Het Centraal Planbureau analyseerde de verkiezingsprogramma’s van tien politieke partijen die op 12 september aan de verkiezingen meedoen. De resultaten staan in het lijvige rapport Keuzes in Kaart 2013-2017, dat ook op een overzichtelijke manier op internet is geplaatst.
Echt iets te kiezen
Uit de doorrekening blijkt dat er deze verkiezingen duidelijk iets te kiezen valt.
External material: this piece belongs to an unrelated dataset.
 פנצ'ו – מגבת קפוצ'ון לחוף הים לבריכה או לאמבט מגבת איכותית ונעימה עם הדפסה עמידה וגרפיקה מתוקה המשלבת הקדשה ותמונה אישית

Zo komt aan het licht hoe -aan de linkerkant- bij de SP de lage inkomens en uitkeringen stijgen, terwijl bij de VVD aan de andere kant inzet op groei en terugdringing van het begrotingstekort.
Opvallend is ook dat de PVV als enige partij mooie effecten kan tonen op de werkgelegenheid, werkloosheid én de koopkracht. Dit kan overigens alleen doordat deze partij het budget voor ontwikkelingshulp praktisch schrapt en fors bezuinigt op defensie, veiligheid en onderwijs. Op de lange termijn pakken de PVV-plannen negatief uit voor de werkgelegenheid en het overheidstekort.
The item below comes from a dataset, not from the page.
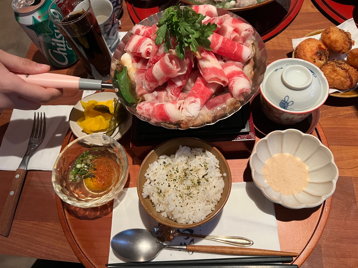 안양 평촌역에서 일식집을 찾는다면 모리코무에 카이센동과 스키야키가 있다. 스키야키의 경우 바닥에 미니 화로와 고온 연료가 있어 작동하고 고체 연료에 불을 붙입니다.

Personeelsnet heeft uit de CPB-analyse de volgende punten die van belang zijn voor HR-professionals gedestilleerd .
Tekort terugdringen gaat ten koste van de groei
Alle politieke partijen willen het begrotingstekort in 2017 verkleinen. Maar doordat de overheid daardoor minder uitgeeft, daalt het bruto binnenlands product (bbp), ofwel het bedrag dat we in Nederland met zijn allen bij elkaar verdienen. Daardoor dalen ook de belastinginkomsten en nemen de uitkeringen toe.
Het pakket van de PvdA heeft het grootste negatieve effect (-2,3%) op het bbp, terwijl dat van de VVD het bbp nagenoeg ongewijzigd laat. Het pakket van de PVV heeft als enige een positief effect van + 0,7%. Het lukt overigens bijna geen enkele partij om de overheidsschuld helemaal af te lossen.
Koopkracht in 2017
Alle maatregelen van 2013 tot 2017 hebben een wisselend effect op de koopkracht in de komende jaren. Bij de SP stijgt de koopkracht tot 3% in 2017, terwijl de koopkracht in de plannen voor het CDA daalt met -3¼%.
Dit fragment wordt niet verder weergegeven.